# Notations and Terminologies

### Notations

• We are interested in the causal effect of some treatment $$A$$ on some outcome $$Y$$

• Treatment: $$A$$, binary

• $$A=1$$ if receive treatment; and $$A=0$$ if receive control

• Example: $$A=1$$ if receive active drug; and $$A=0$$ if receive placebo

• Outcome: $$Y$$, can be binary or continuous

• Example: $$Y=1$$ if dead; $$Y=0$$ otherwise
• Example: $$Y$$ can be time until death
• Pre-treatment covariates: $$X$$

## Potential outcomes and conterfactuals

### Potential outcomes

• Potential outcome $$Y^a$$ is the outcome we would see if treatment was set to $$A=a$$

• Each person has potential outcome $$Y^0, Y^1$$

### Counterfactuals

• Conterfactual outcomes: the outcomes would have been observed, had the treatment been different

• If my treatment is $$A=1$$, then my counterfactual outcomes is $$Y^0$$

• If my treatment is $$A=0$$, then my counterfactual outcomes is $$Y^1$$

• Connection between potential and conterfactuals outcomes

• Before the treatment decision is made, any outcome is a potential outcome, $$Y^0$$ and $$Y^1$$
• After the study, there is an observed outcome $$Y^A$$, and counterfactual outcome $$Y^{1-A}$$

### Immutable variables

• Variables that we cannot control (or change), such as race, gender, age, are immutable variables

• For immutable variables, causal effects are not well defined

• In this course, we focus on treatments that could be thought of as interventions

# What are Causal Effects?

### Causal effects

• Definition: treatment $$A$$ has a causal effect on the outcome $$Y$$, if $$Y^1$$ differs from $$Y^0$$

• Example
• $$Y$$: headache gone one hour from now (yes$$=1$$, no$$=0$$)
• $$A$$: take ibuprofen ($$A=1$$) or not ($$A=0$$)

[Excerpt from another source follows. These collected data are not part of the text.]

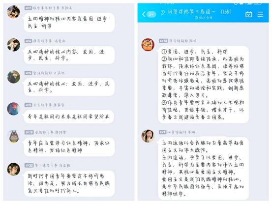 会上,主讲人带领大家重温了有关五四青年节的相关理论知识,紧接着对习近平考察中国人民大学生的重要讲话进行阐述。会议指出,习近平在考察调研时强调“为谁培养人、培养什么人、怎样培养人”始终是教育的根本问题,体现了习近平对培育时代新人的深邃思考和殷切期望。会议着重强调,习近平高度重视青年,大力倡导青年优先发展理念,围绕“什么是时代新人、怎样培养时代新人”等问题作出重要论述。随后,为进一步引导同学们将学习内容付诸实践,主讲人精心为大家设计了相关问题。同学们积极分享对习近平总书记重要讲话的感悟理解,针对作为青年人我们该怎么做展开了激烈讨论。其中陈娟谈到作为青年人我们要树立正确的人生观和价值观,苦练本领,增长才干,以青春之我建设青春之国家的观点受到大家的广泛认同。在讨论中,同学们进一步明确了自己作为时代新人的目标,坚定了自己的理想信念。
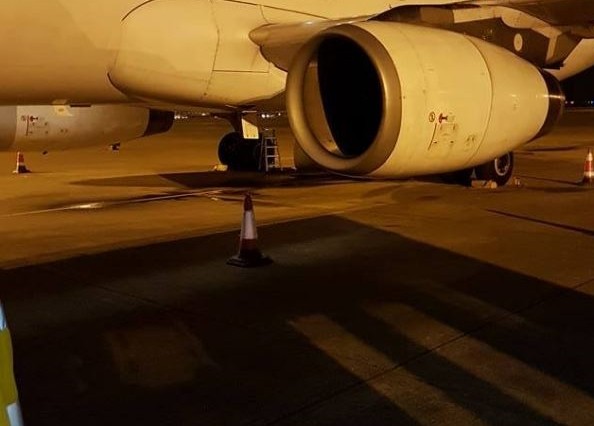 梅姬颱風將襲,一架從澳門返台的某航空班機出狀況,150人原機返回澳門。一位網友在「爆料公社」po文說,飛到一半在空中突然不斷有怪聲、油味,飛機襟翼油管爆,趕回澳門降落,出來看到地上都是油,嚇死人!並強調「真的沒得選,家人訂的時候我已經抗議過了!」
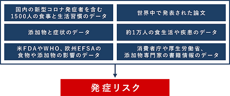 新型コロナに関して分析した結果、特定の添加物や食材を摂っていると発症リスクが高まることや、運動、入浴などの生活習慣と発症リスクの関係が判明。
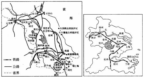 材料二?江苏旅游景点分布图?材料三?长江三角洲地区主要旅游城市分布图
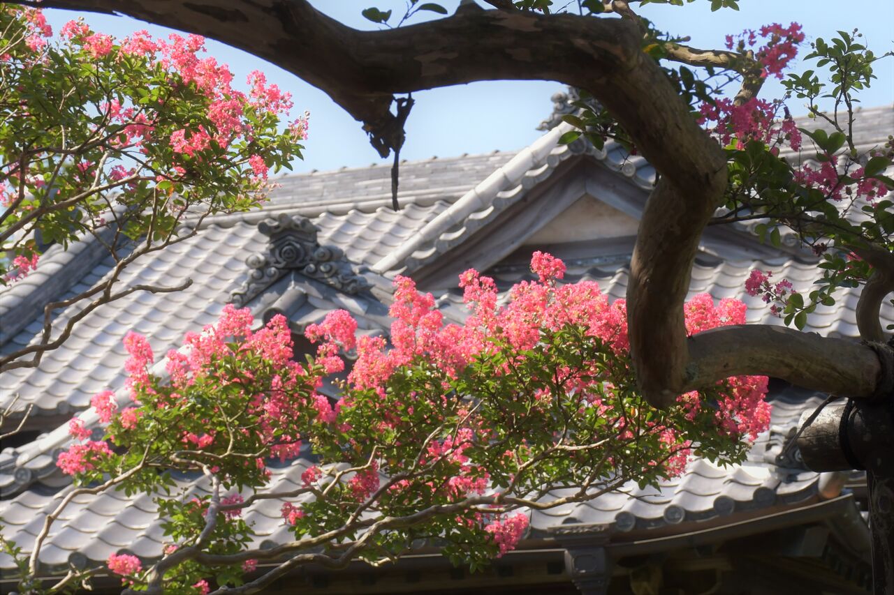 百日紅の鮮やかなピンク、屋根瓦の軽やかなグレイ、そして青空、其れ等を引き締める様な、黒味をおびた枝ぶりが印象的です。写真撮影では、ポイントになる何かを加える事も、大事ではと思い出しました。
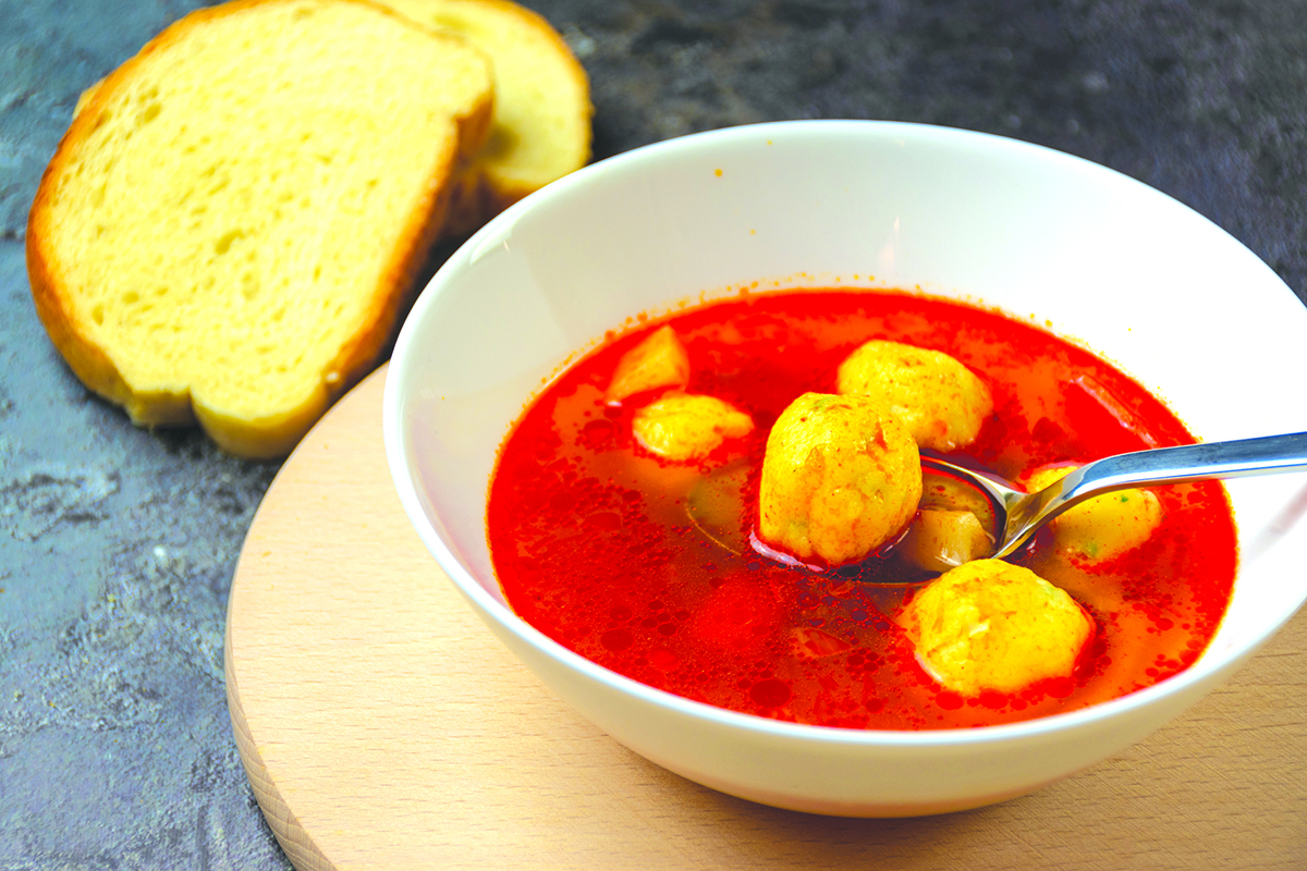 Mix all ingredients above together. Dough will be very sticky. Make very, very small dumplings (about the size of chickpea or so) and drop into the soup one at a time.
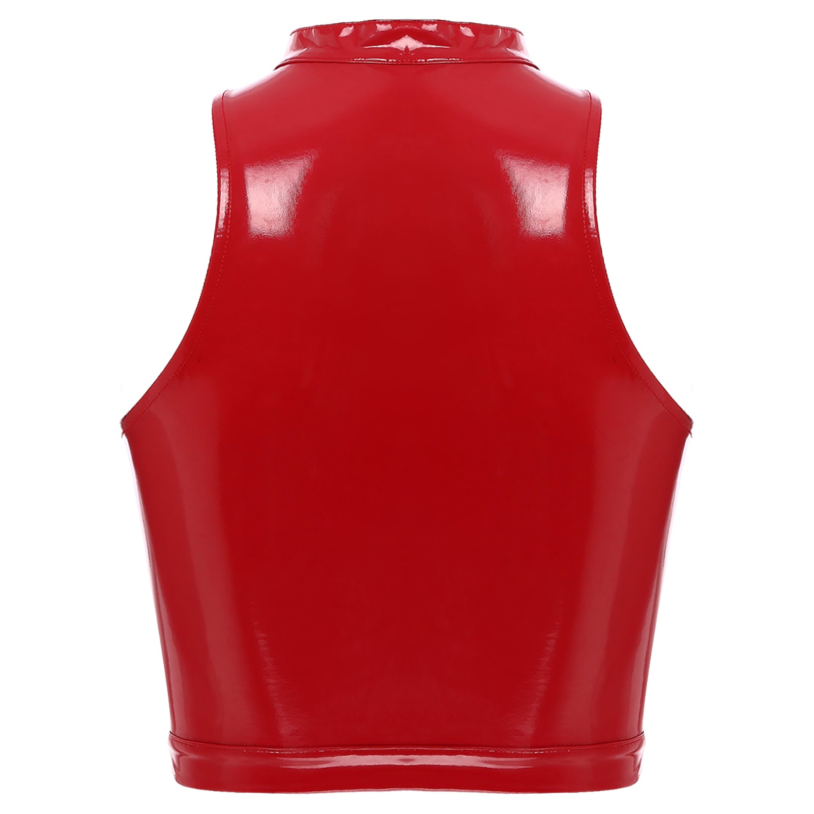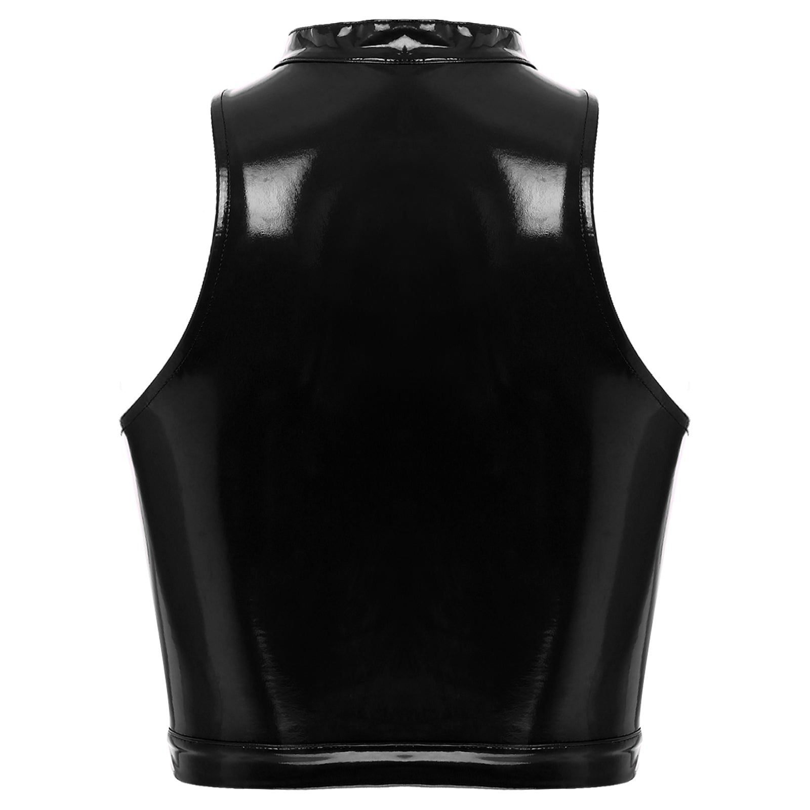 Vestă de damă din piele lăcuită lucioasă, din latex, topuri, ținute Rave, club, corset lucios, vestă, cu rever crestat, Slim Fit, camisol, top scurt
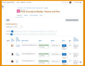 Asigne convenientemente a diferentes personas para que califiquen tareas, gestione la moderación de calificaciones y controle cuando se liberan las calificaciones a los alumnos individuales.
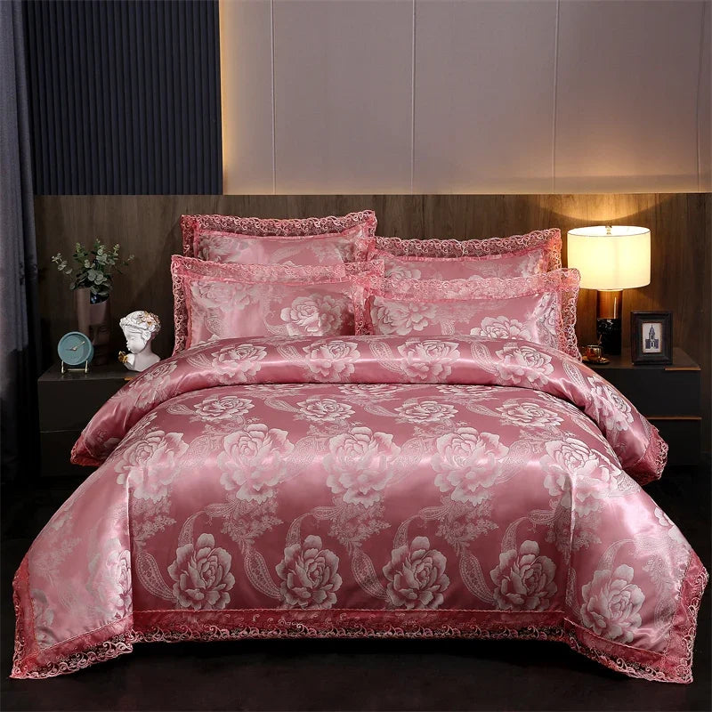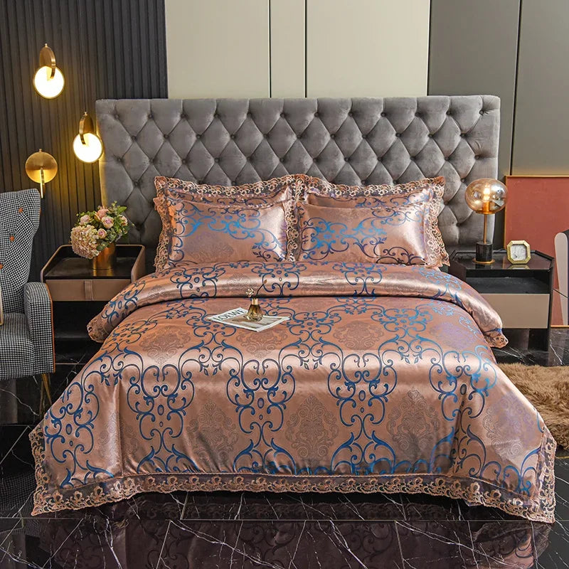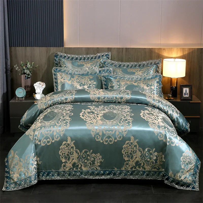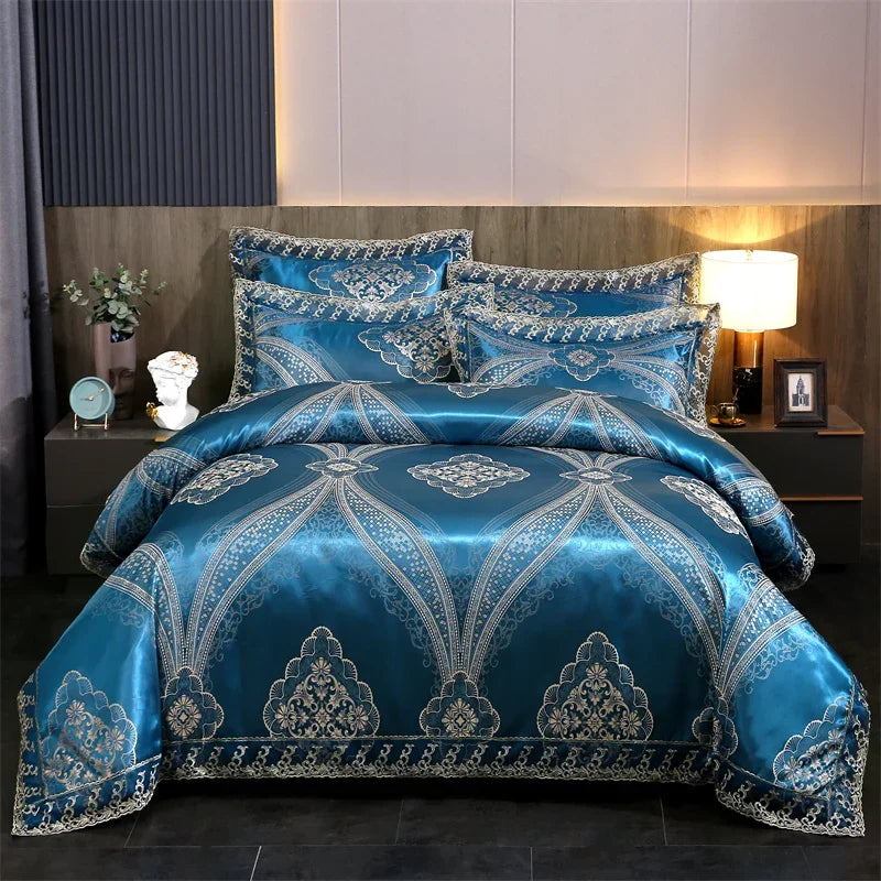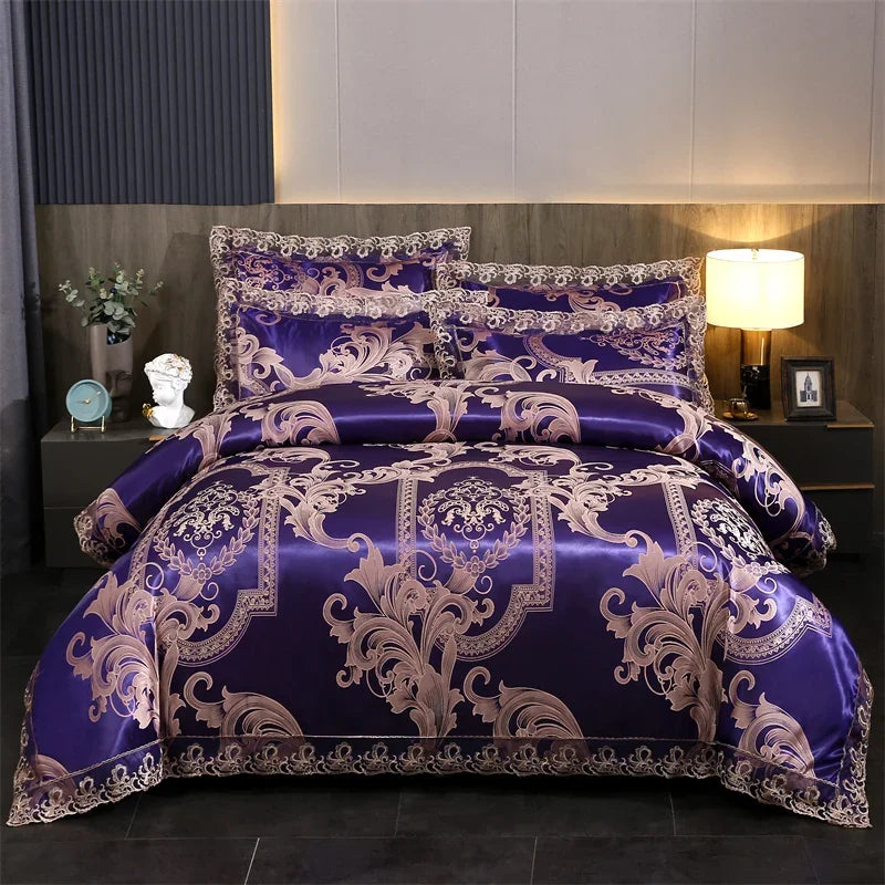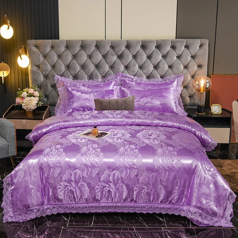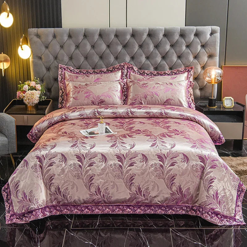 صُمم هذا الطقم خصيصًا لمن يُقدّرون الأناقة، فهو يضم كل ما تحتاجه لتجديد كامل لغرفة نومك. من قماش الساتان الجاكار الناعم إلى حواف الدانتيل الرقيقة، يوفر هذا الطقم فخامة ودفئًا ورقيًا لا مثيل له.
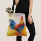 Une peinture à l'huile colorée d'art numérique de coq de jeune coq. Cet art d'oiseau est fait comme un regard traditionnel de peinture à l'huile avec des couleurs lumineuses en bleu, rouge, orange, et le jaune. Peinture originale d'art d'animal de ferme. Grand pour un décor rustique ou n'importe qui de ferme ce aime des poulets.
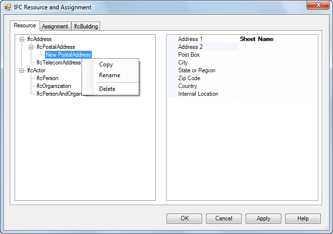 In the IFC Resource and Assignment dialog box, on the Resource tab, select the IFC resource instance you want to modify.
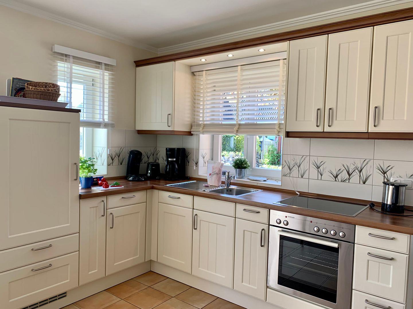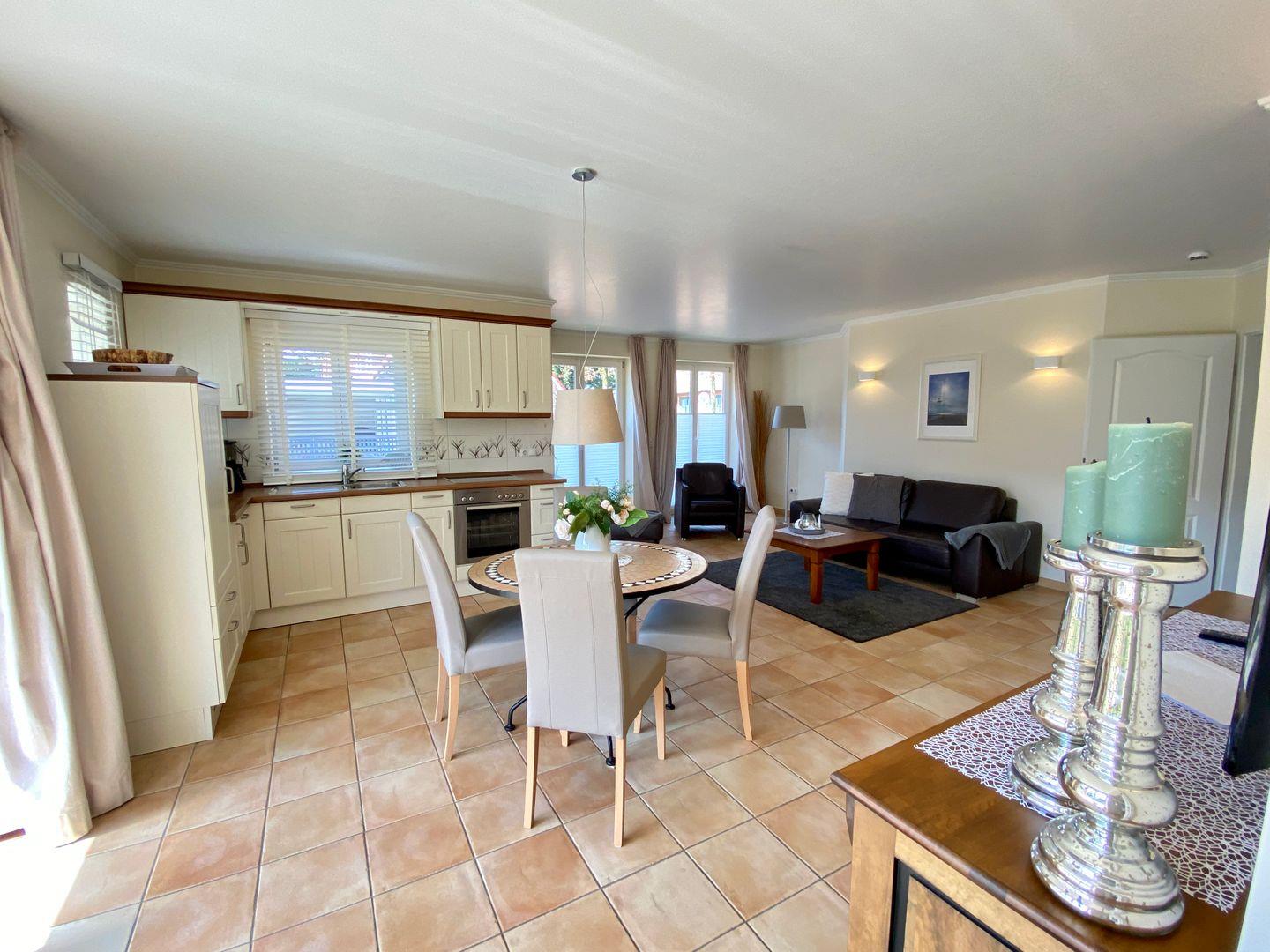 Die integrierte Küche ist modern und umfangreich ausgestattet, unter anderem sind Cerankochfeld und Backofen, Kühlschrank mit Gefrierfach sowie Geschirrspüler und Kaffeemaschine vorhanden.
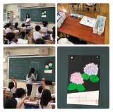 3年生の図画工作で、あじさいを描く学習が始まりました。白色の絵の具は使わず、赤...
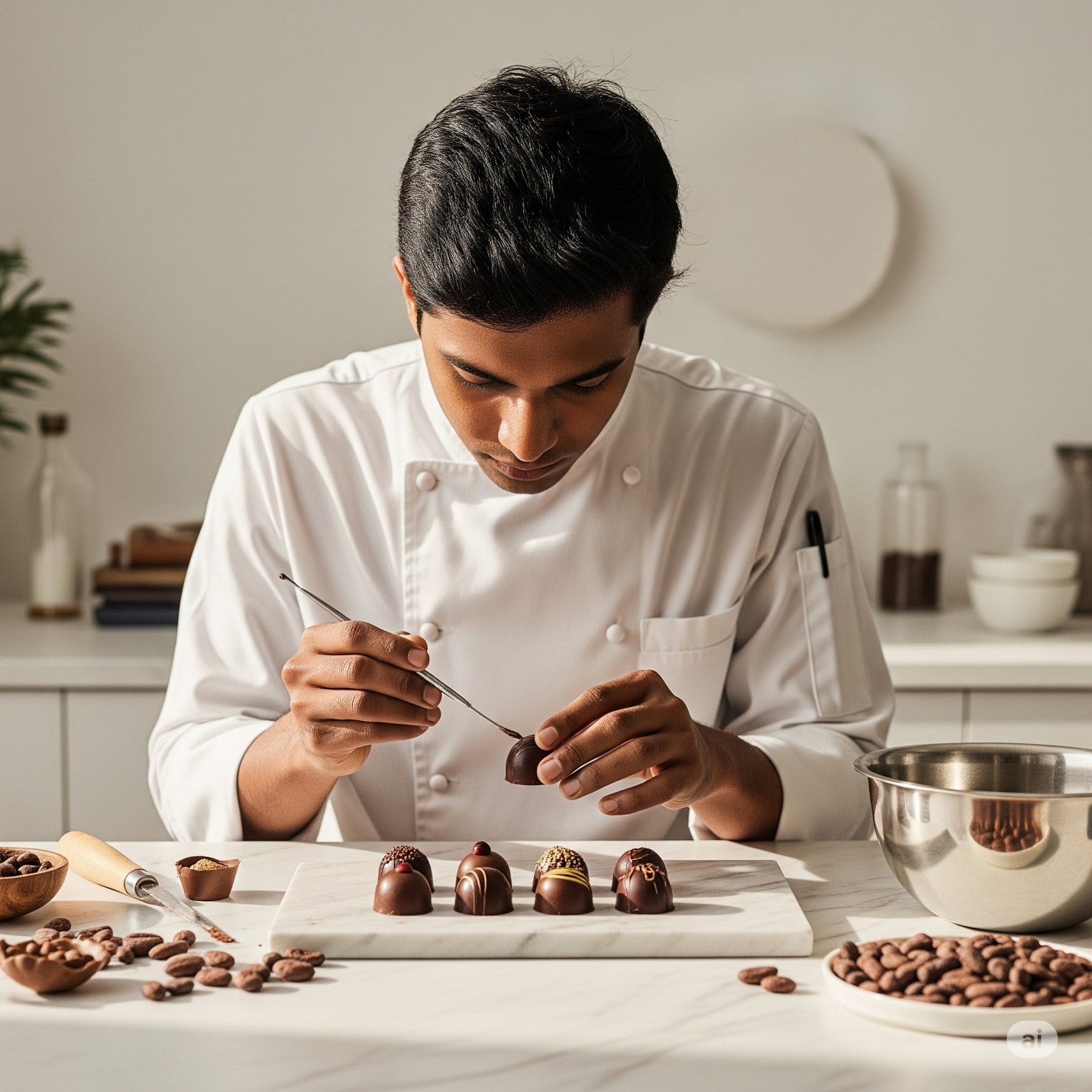 At Atelier du Chocolat, true mastery lies in the details, in the slow processes, the quiet precision, and our unwavering commitment to purity. Every creation is crafted fresh to order, entirely in-house, and always from scratch. We don’t believe in shortcuts, only in the art of doing things right. From tempering techniques to flavour infusions, every step is a deliberate act of care and craftsmanship.

## Fundamental problem of causal inference

### Fundamental problem of causal inference

• Fundamental problem of causal inference: we can only observe one potential outcome for each person

• However, with certain assumptions, we can estimate population level (average) causal effects $$E(Y^1 - Y^0)$$

• Average value of $$Y$$ if everyone was treated with $$A=1$$ minus average value of $$Y$$ if everyone was treated with $$A=0$$
• Hopeless: What would have happened to me had I not taken ibuprofen? (Unit level causal effect)
• Hopeful: What would the rate of headache remission be if everyone took ibuprofen when they had a headache versus if no one did? (Population level causal effect)

### Population average causal effect versus conditioning on treatment/control

$E(Y^1 - Y^0) \neq E(Y\mid A=1) - E(Y\mid A=0)$

• In the left hand side, $$E(Y^1)$$ is the mean of $$Y$$ if the whole population was treated with $$A=1$$

• In the right hand side, $$E(Y\mid A=1)$$ is restricting to the subpopulation of people who actually had $$A=1$$

• This subpopulation may differ from the whole population in important ways
• For example, people at higher risk for flu are more likely to choose to get a flu shot
• $$E(Y\mid A=1) - E(Y\mid A=0)$$ is not a causal effect, because it is comparing two different populations of people

### Other causal effects

• $$E(Y^1 / Y^0)$$: causal relative risk

• $$E(Y^1 - Y^0 \mid A=1)$$: causal effect of treatment on the treated

• $$E(Y^1 - Y^0 \mid V=v)$$: average causal effect in the subpopulation with covariate $$V=v$$

# Causal Assumptions

### Most common causal assumptions

• Stable Unit Treatment Value Assumption (SUTVA)

• Consistency

• Ignorability

• Positivity

## Stable Unit Treatment Value Assumption (SUTVA)

### Stable Unit Treatment Value Assumption (SUTVA)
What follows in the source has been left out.